Completing waiting Tasks by hand

I have recently started a perf-testing feature. We are using an embedded instance of Camunda in our Spring-boot application.

We would like to reuse our populated DB between perf-test runs as to mimic a production DB, the issue that we are facing is… a number of workflows that are created towards the end of one perf run, will then become live and attempt to retry at the start of our next perf run. Ideally we would like to have no pending tasks in-between, completing them all by hand (preferably mocking their completion).

Could anyone suggest a method in order to achieve this?
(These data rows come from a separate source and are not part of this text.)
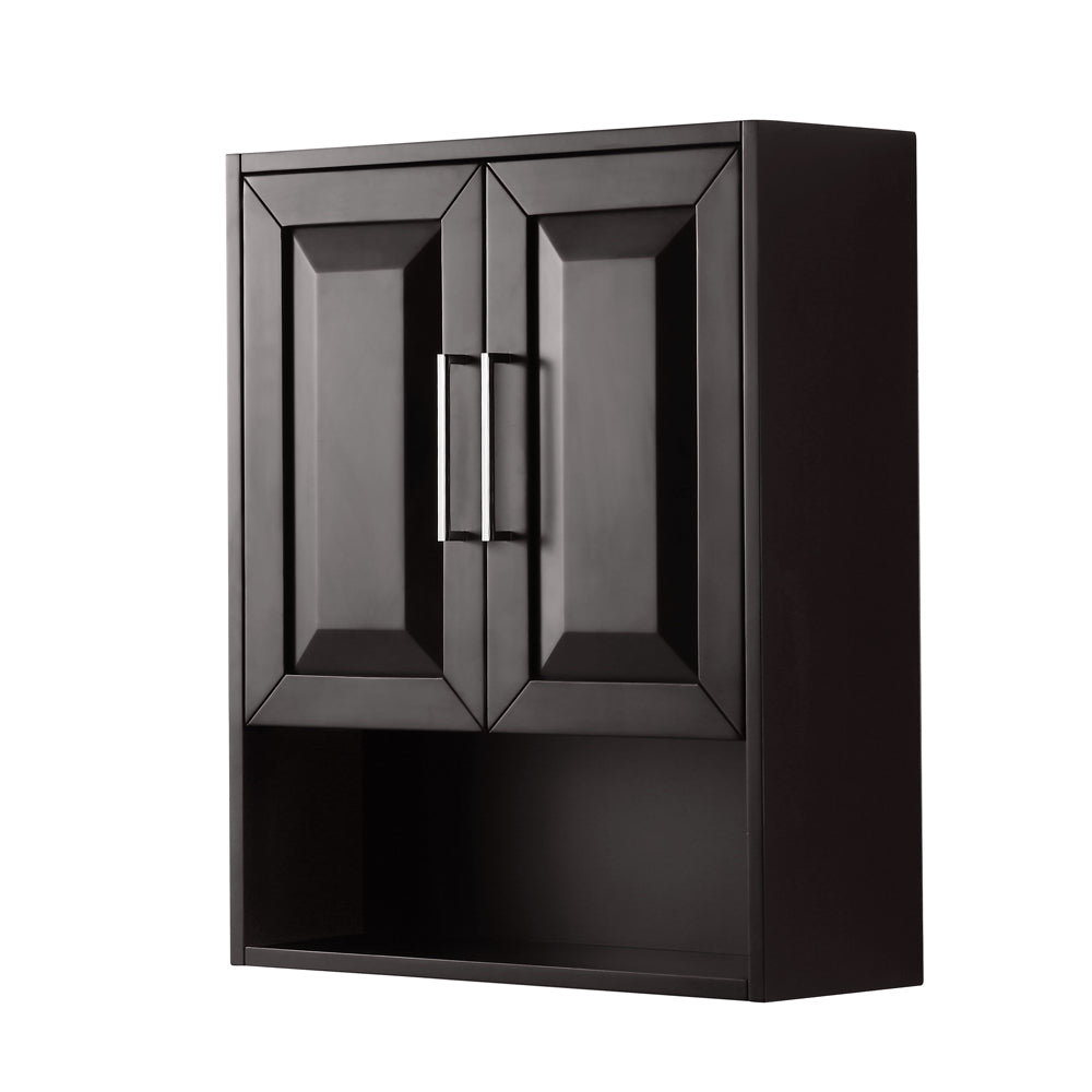 A sleek over-toilet wall cabinet from Wyndham Collection’s Daria line, finished in Dark Espresso. Built from solid wood, plywood and MDF with a water-resistant, low-VOC finish, it adds concealed storage plus an open shelf in a compact 25 x 9 x 30 in. footprint.
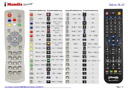 Ein Dokument ist enthalten, um die Verwendung der neuen Fernbedienung zu erleichtern, indem es die Tastenbelegung zeigt.
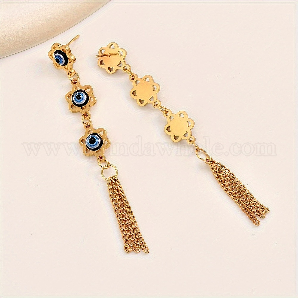 • Золотой Преувеличенные 201 серьги-гвоздики из нержавеющей стали от сглаза, винтажная кисточка подвеска модный подарок ювелирные изделия, золотые, 85 мм
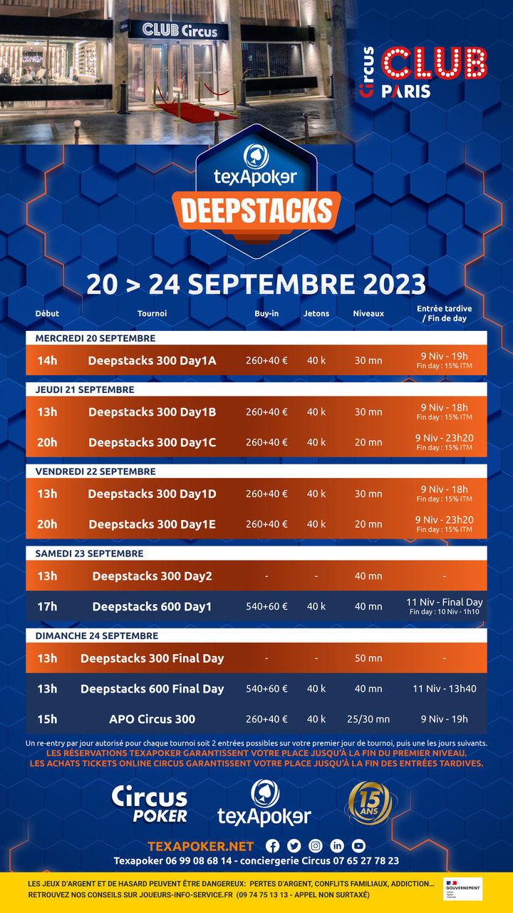 Découvrez ainsi en Main Event un Deepstacks 300 ainsi qu'un Deepstacks 600, et un APO Circus 300 pour clotûrer le festival

Im not sure some of the API suggested in the docs is available because we are using the embedded Camunda engine.

Would it be possible to change the status’ of the tasks in the db using sql statements, in preparation of starting server/testing?

Any help is much appreciated!

Updating tasks entity directly in db using scripts is not a good practice, which leads to data inconsistency and transactional issues.

Rather than this approach, I would suggest standard approach to handle/complete the tasks using Java API/Rest API to handle the tasks without any issues.

Example:

@Autowired
private TaskService taskService;

public void completeTask(String taskId, Map<String, Object> processVariables) {
	taskService.complete(taskId, processVariables);
}

We would like to reuse our populated DB between perf-test runs as to mimic a production DB

If restoring the test context is not too time consuming, I would recreate the context before a new test run.
With this, it is no longer a Camunda issue but more of an automated test best practice.

I will attempt to add a hook for the Java API.

Im just reading through the documentation, do you know if it is possible to mock the completion?

@KingMark For testing the process we can mock. In realtime process execution I would recommend to process the task.

If suppose the task itself doesn’t add any business value in the process you can avoid modelling it.

Another hint is like attaching timer boundary event to the task which will complete the task once time lapses.